Write Better Python? Maybe the title sounds a little pretentious
when there are a number of justifiably well known folks in the Python
community writing and presenting on the same topic. So just a few
words of explanation: at the turn of the century, I was a devoted Python
enthusiast. It was was basically the early days of Python 2. I wrote lots of code, I developed a Python course for a
well known training company, I served as a tech editor for the second
edition of an iconic Python book, and had a draft of my own Python book
in the works. And then I took a very busy job that was not at all
Python-focused, and after about 11 years, a second one. Python for the
odd tool here and there? Sure. But Python was no longer a focus for me,
due to time pressures.
I taught my last instance of my
Python course in January 2002. 15 years later in January 2017 I've
dug back into the language and I found a lot of things I'd done were pretty
simplistic - maybe not exactly "writing C in Python", but on that kind
of level, not really expressing things in a modern Pythonic way.
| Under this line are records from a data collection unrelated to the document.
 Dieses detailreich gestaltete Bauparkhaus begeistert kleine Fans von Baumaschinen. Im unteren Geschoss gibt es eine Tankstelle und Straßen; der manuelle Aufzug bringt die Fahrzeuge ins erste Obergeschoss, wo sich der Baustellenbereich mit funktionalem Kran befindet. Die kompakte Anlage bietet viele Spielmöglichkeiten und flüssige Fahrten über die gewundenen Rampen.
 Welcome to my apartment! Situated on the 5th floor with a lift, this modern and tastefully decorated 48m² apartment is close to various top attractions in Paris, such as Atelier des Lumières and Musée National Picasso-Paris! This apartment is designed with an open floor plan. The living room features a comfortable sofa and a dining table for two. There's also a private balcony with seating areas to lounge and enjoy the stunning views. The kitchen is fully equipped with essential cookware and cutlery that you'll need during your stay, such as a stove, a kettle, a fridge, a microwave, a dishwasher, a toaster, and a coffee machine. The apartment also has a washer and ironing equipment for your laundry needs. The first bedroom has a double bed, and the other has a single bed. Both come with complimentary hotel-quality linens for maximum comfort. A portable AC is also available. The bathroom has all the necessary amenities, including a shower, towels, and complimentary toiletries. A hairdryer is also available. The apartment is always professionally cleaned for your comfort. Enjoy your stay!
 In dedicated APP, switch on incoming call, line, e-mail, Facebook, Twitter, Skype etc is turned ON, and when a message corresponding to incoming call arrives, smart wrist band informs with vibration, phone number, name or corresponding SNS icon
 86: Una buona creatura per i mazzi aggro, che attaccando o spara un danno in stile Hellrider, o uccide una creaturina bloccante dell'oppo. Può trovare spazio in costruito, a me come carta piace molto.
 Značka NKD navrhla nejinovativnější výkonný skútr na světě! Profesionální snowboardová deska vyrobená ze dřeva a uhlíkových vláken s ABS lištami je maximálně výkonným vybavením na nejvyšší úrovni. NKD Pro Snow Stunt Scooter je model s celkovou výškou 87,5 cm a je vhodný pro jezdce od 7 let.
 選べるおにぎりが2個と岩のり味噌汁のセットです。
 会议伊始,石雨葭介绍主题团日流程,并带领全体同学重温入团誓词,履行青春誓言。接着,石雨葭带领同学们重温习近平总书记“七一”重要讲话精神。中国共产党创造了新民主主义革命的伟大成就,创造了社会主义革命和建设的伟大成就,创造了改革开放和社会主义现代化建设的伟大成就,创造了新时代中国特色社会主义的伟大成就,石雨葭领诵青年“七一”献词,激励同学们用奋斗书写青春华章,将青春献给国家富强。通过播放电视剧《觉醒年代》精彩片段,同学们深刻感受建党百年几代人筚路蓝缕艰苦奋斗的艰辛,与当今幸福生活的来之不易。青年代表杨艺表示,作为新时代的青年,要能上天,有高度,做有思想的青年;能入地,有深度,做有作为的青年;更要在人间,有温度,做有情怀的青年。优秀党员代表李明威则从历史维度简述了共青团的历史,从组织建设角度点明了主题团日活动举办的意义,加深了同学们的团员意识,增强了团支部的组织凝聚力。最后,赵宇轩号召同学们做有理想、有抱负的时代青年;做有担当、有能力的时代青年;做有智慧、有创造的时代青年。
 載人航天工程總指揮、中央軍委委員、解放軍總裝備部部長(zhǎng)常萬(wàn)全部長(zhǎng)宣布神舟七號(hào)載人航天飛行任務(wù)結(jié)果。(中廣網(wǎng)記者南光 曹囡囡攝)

The purpose of the blog is to write about interesting Python aspects as I discover
things that have happened in the decade and a half where I've not been
able to pay very much attention. This is much more about my own voyage of discovery than trying to outdo any of the luminaries. I'll be looking at what it means to be "Pythonic", where some refactoring can make more readable code, when to apply the EAFP (Easier to Ask Forgiveness Principle - yes, it's even been given a name) and more. Even though my main objective is to understand things better by writing them up, I hope this material will prove useful to some others!